Privatisation of industries introduces a profit motive, attracting more firms to enter the market and increasing competition. The profit maximization objective incentivizes firms to achieve maximum efficiency by lowering their production costs to offer lower prices than their competitors. This drive for efficiency enhances the productive efficiency of the economy. As a result, the LAS curve shifts from LRAS1 to LRAS2, representing an increase in the economy’s productive potential.
7) How does deregulation contribute to shifting the LAS curve to the right?
Deregulation involves reducing laws and government-imposed standards, such as environmental, health and safety, product safety, maternity/paternity, working conditions, and planning regulations. This reduction in regulations significantly lowers production costs for firms. Simultaneously, reducing the legal barriers to market entry enhances competition, motivating firms to strive for maximum efficiency to remain competitive. Both factors contribute to improving the productive efficiency of the economy. Consequently, the LAS curve shifts from LAS1 to LRAS2, indicating an increase in the economy’s productive potential.

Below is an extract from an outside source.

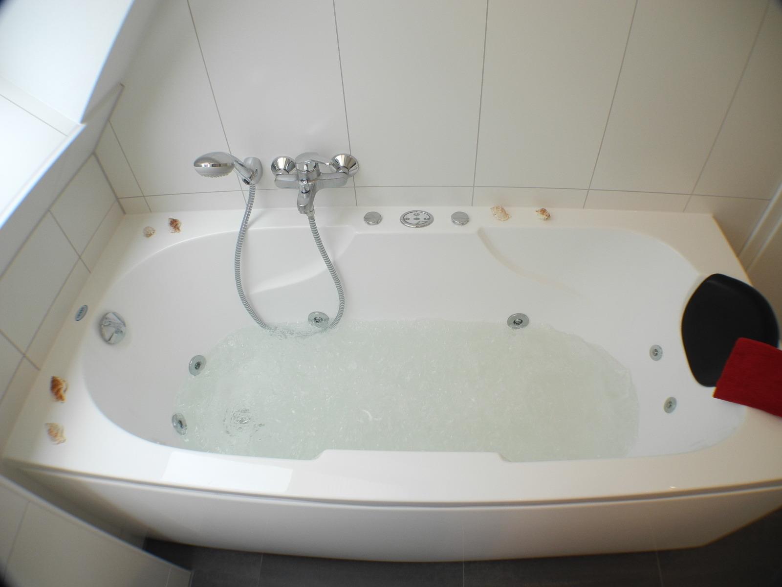In unserem Wellnessbad finden Sie eine Whirlpool-Wanne und eine Wellnessdusche. Hier können Sie sich komplett entspannen und es sich gut gehen lassen. Eine Waschmaschine steht Ihnen ebenfalls zur Verfügung.
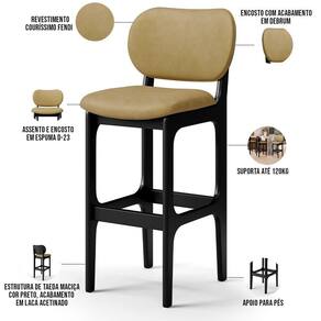 Amplamente sofisticado, o Kit 06 Banquetas Alta Bar Cozinha Sala Jantar Fixa Betta L02 Preto Couríssimo Casco Fendi - Lyam Decor irá agregar ainda mais valor em sua decoração!! Sendo capaz de compor muito bem o ambiente, é produzido com materiais de excelente qualidade, a resistente estrutura em madeira de Taeda, na cor preto, conta com apoio para os pés (que garante maior ), além do assento e encosto estofados super confortáveis e convidativos, que são revestidos em tecido couríssimo, extremamente elegante.

8) How does trade liberalisation contribute to shifting the LAS curve to the right?
Trade liberalisation involves the removal of trade barriers, such as tariffs and quotas, promoting global competition and freeing up trade. The intense competition in the global market compels producers to strive for competitiveness. The profit maximization objective drives firms to minimize production costs in order to offer lower prices compared to their rivals. This pursuit of efficiency enhances the productive efficiency of the economy. Thus, trade liberalisation leads to a shift of the LAS curve from LRAS1 to LRAS2, representing an increase in the economy’s productive potential.
Q1) How does successful supply-side policies leading to an increase in LAS affect growth?
Growth. Potential and actual growth increases from FE1 to FE2. This is because with greater demand in the economy, firms respond by increasing output. This increase in output is an increase in real GDP, which is an increase in economic growth.
Q2) What is the impact of successful supply-side policies on unemployment?
Unemployment decreases. This is because labour is a derived demand, derived from the demand for goods and services. As the demand for goods and services is high, firms will need more workers to produce extra output, thus reducing unemployment.
Q3) How does successful supply-side policies affect demand-pull inflation?
Inflation. Demand-pull inflation decreases from P1 to P2. This is because with an increase in output and aggregate demand resulting from successful supply-side policies, there is a reduced pressure on prices, thereby reducing the rate at which the prices of goods and services rise.